# Voice Commands on Autopilot 2.0?



## Dan Detweiler (Apr 8, 2016)

So yesterday I found myself making the assumption that all input for destination, route preference, etc. would be via voice commands but then realized that I might very well be wrong. Has anyone heard one way or the other if that is going to be the case? On the website it says that if you "don't say anything" the car will read your calendar and select the assumed route to your first event. That's the only reference I can find.

Dan


----------



## MelindaV (Apr 2, 2016)

I assume it will go off the nav screen. So you could enter a destination on the screen to start a route if you are driving or the software is.


----------



## Dan Detweiler (Apr 8, 2016)

MelindaV said:


> I assume it will go off the nav screen. So you could enter a destination on the screen to start a route if you are driving or the software is.


It would seem to me to be safer working off a voice command rather than having to look at the nav screen. I guess if you're starting from your driveway it wouldn't matter, but if you were entering autonomous mode while in route dealing with the screen could be an issue.


----------



## MelindaV (Apr 2, 2016)

I believe the current system can work from either screen input or voice commands. 
I would think that if anything, dealing with the screen in Level 5 autonomous driving would be less of an issue than when you are controlling the car and dealing with the screen. At least in L5, the car's hardware is still watching the road while your eyes are on the screen.


----------



## Kizzy (Jul 25, 2016)

That's an interesting situation. Can you put the car in autonomous mode while you're driving it without specifying a location first?
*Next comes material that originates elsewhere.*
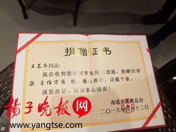 “这是老曹生前的愿望,也是他的一点小小的心意。他不图名不图利,只是为了回报家乡。”4月12日,在“雪域之光·曹旭慈善助学基金”捐赠仪式上,曹旭妻子王慕乔老人说。随后,她捧着放有现金支票和银行卡的托盘,郑重交到南通市慈善总会会长王德忠手中。

I think the default that was mentioned was that it'd drive you home.


----------



## TrevP (Oct 20, 2015)

Over time I'm sure the Tesla control systems will improve with full voice commands. But first they need to show a bit more attention to detail. Media system improvements in 8.0, while welcome, are dreadful in other functions. Ask anyone trying to use USB thumb drives to handle their music.


----------